To sum up, the company was able to leverage its existing investment and migrate evolutionarily from an initial prototype to a heavy load, production level solution (from Beta to a Post Digg Effect system), in a short time to market and with minimal risk"
Rocketier was kind enough to
publish part of their work on OpenSpaces.org.
We seem to take it for
granted that dealing with scalability is complex. When we
start a new application it's hard to know whether we're ever going to be
successful to the point where the investment in scalability is worth the
effort. At this initial stage the important thing is time-to-market. We want to get
our idea out there as quickly as possible. This is a reasonable desire
as indeed most projects don't take off.
Now imagine what would happen if dealing with scalability wasn't that difficult. That would have change the entire decision making process, and would enable Twitter and many others to start with a scalable architecture from day one, avoiding this painful process.
So the question is what would is required to simplify building a scalable application to the point in which it is as simple as building it for a single machine?

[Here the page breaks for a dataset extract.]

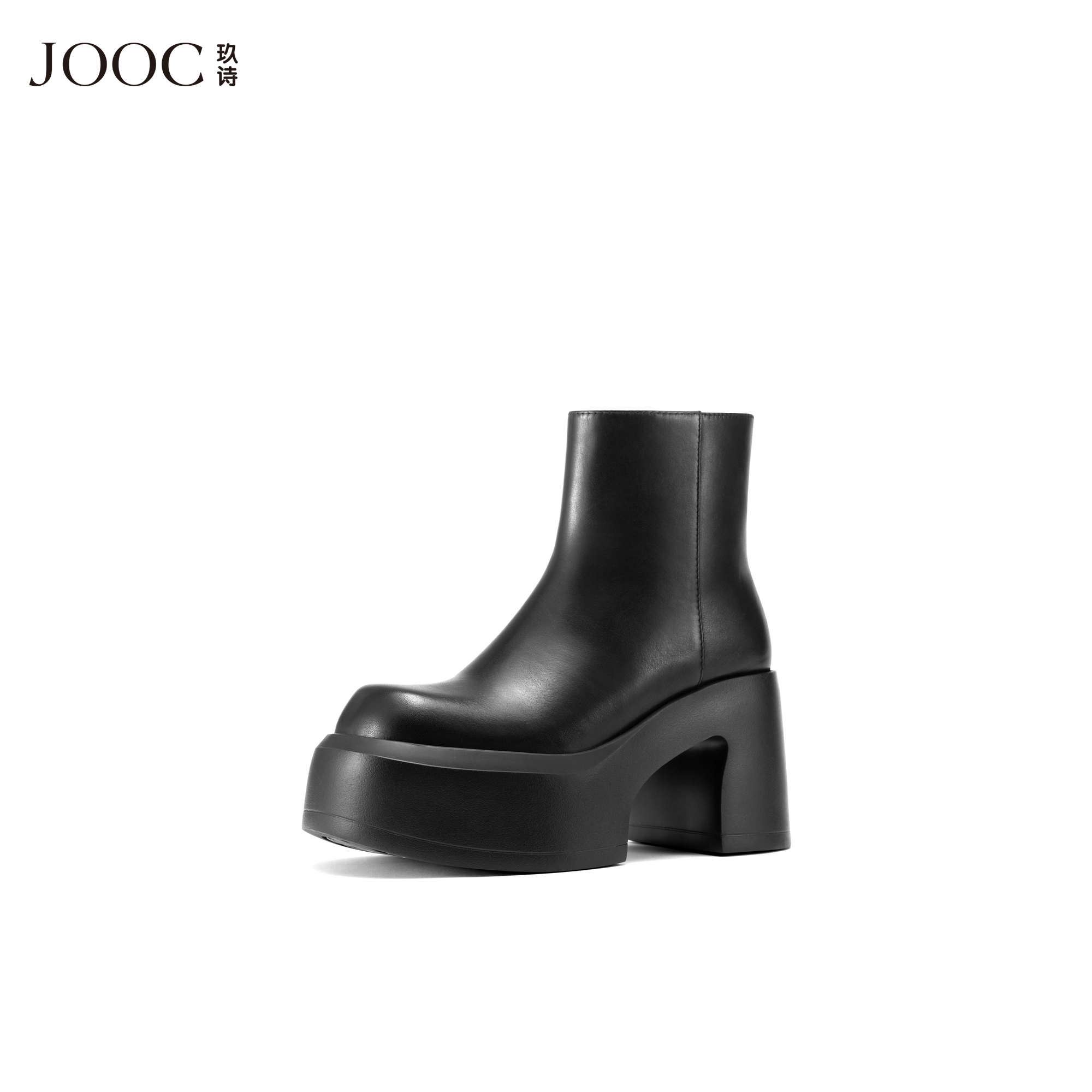 【城市漫游】JOOC玖诗短靴秋冬新款防水台粗高跟百搭时装厚底女靴

From my experience, most challenges have already been faced by and dealt with others - so the first thing that I did was look at how others (not necessarily in the same industry) addressed this issue.
In this case, storage virtualization is a good example. At first, we used local disks. Local disks tend to get filled-up quite fast. It was very hard to deal with this problem as it required replacing the disk with a bigger one every time full capacity was reached. IT had to go through this process for every user and every application -- very painful and costly. The solution came in the form of NAS and SAN, or network-attached storage. Instead of using a local disk, use a virtual disk that resides somewhere on the network. The user and the application don't need to be aware of it, because they use a local disk driver that virtualizes the network devices to make them look as if they were just another local disk. The application scales but hasn't changed as a result. We can add and remove devices as we wish with no changes to the application. Later on, if there is a more cost effective solution available, we can easily replace the devices.
We can apply the same concept of virtualization to the middleware stack -- namely the data, the messaging and the processing -- with the same degree of simplicity. The application interacts with a "proxy" that hides the details of how a message or update operation is routed, how fail-over is handled, how data is partitioned and so on.
With services such as Amazon EC2, and other cloud environments, this can be made even simpler, as we can have a pre-configured image and hardware ready for deployment. All we need to do is just deploy our business logic. (See an EC2 example here).